» Available data:
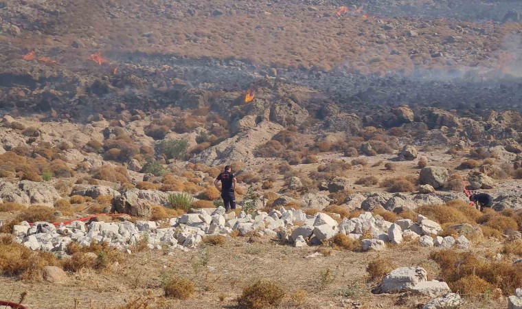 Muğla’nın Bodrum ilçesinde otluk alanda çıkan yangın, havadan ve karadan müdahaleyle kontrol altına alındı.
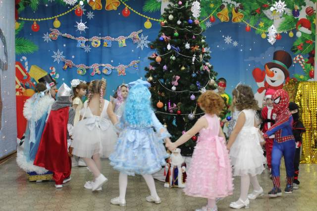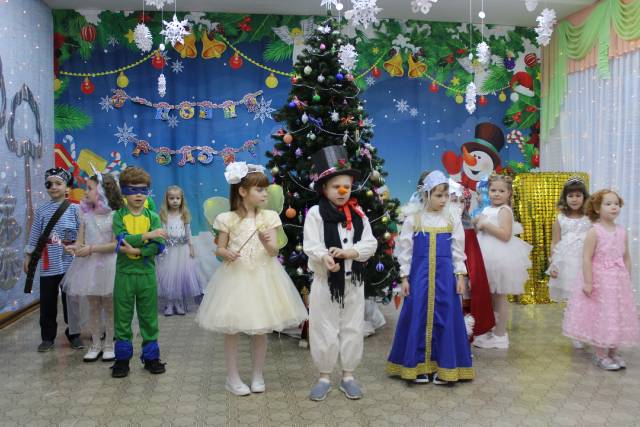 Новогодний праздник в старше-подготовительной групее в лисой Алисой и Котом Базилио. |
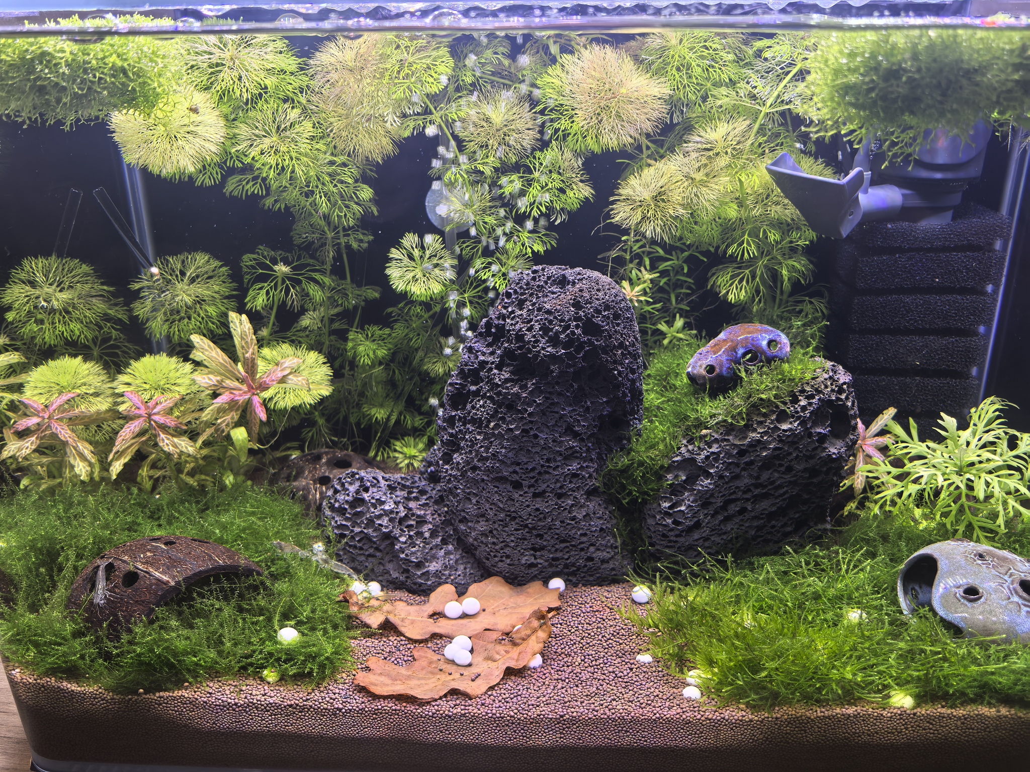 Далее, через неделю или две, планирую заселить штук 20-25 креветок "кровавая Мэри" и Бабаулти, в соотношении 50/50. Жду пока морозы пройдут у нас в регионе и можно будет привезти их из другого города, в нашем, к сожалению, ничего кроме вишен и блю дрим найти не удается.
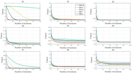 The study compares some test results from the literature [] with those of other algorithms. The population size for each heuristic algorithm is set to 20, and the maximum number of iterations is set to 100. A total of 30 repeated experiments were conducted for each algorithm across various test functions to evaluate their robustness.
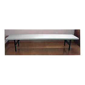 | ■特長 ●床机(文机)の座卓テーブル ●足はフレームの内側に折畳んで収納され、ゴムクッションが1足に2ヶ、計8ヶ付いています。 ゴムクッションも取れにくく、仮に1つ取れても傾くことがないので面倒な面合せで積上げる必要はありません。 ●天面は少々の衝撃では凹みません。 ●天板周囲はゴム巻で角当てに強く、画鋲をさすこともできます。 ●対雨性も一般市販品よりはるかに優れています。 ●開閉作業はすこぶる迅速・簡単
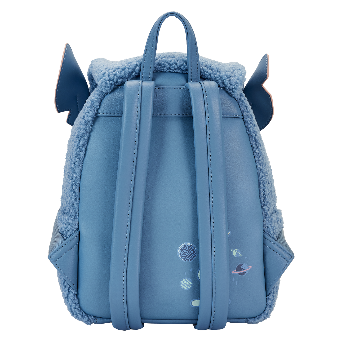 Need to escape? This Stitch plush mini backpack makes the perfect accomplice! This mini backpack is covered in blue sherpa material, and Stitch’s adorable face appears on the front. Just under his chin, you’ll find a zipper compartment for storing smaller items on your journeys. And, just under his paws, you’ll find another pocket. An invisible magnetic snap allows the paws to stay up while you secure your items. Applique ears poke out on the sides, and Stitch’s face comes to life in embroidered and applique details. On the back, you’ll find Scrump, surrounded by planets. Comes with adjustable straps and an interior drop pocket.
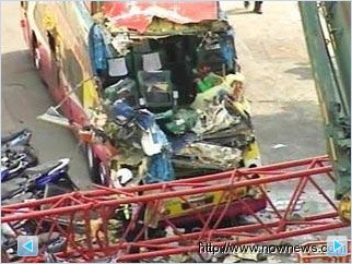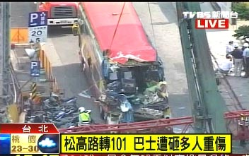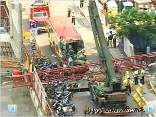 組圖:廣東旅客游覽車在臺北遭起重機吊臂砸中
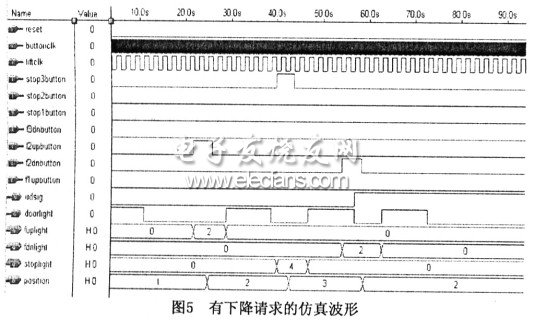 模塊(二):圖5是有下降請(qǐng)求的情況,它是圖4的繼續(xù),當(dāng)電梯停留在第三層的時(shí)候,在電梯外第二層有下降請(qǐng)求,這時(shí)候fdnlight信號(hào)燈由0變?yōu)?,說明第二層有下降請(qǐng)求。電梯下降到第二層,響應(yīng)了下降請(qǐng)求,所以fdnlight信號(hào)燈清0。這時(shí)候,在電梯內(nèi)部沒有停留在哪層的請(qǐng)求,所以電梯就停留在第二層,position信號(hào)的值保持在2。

» Exercise instructions:
All pictures are to be skipped; the lines from the first line of the records through the line containing "Далее, через неделю" are to be repeated exactly, both ends included.

» Task answer:
 Muğla’nın Bodrum ilçesinde otluk alanda çıkan yangın, havadan ve karadan müdahaleyle kontrol altına alındı.
 Новогодний праздник в старше-подготовительной групее в лисой Алисой и Котом Базилио. |
 Далее, через неделю или две, планирую заселить штук 20-25 креветок "кровавая Мэри" и Бабаулти, в соотношении 50/50. Жду пока морозы пройдут у нас в регионе и можно будет привезти их из другого города, в нашем, к сожалению, ничего кроме вишен и блю дрим найти не удается.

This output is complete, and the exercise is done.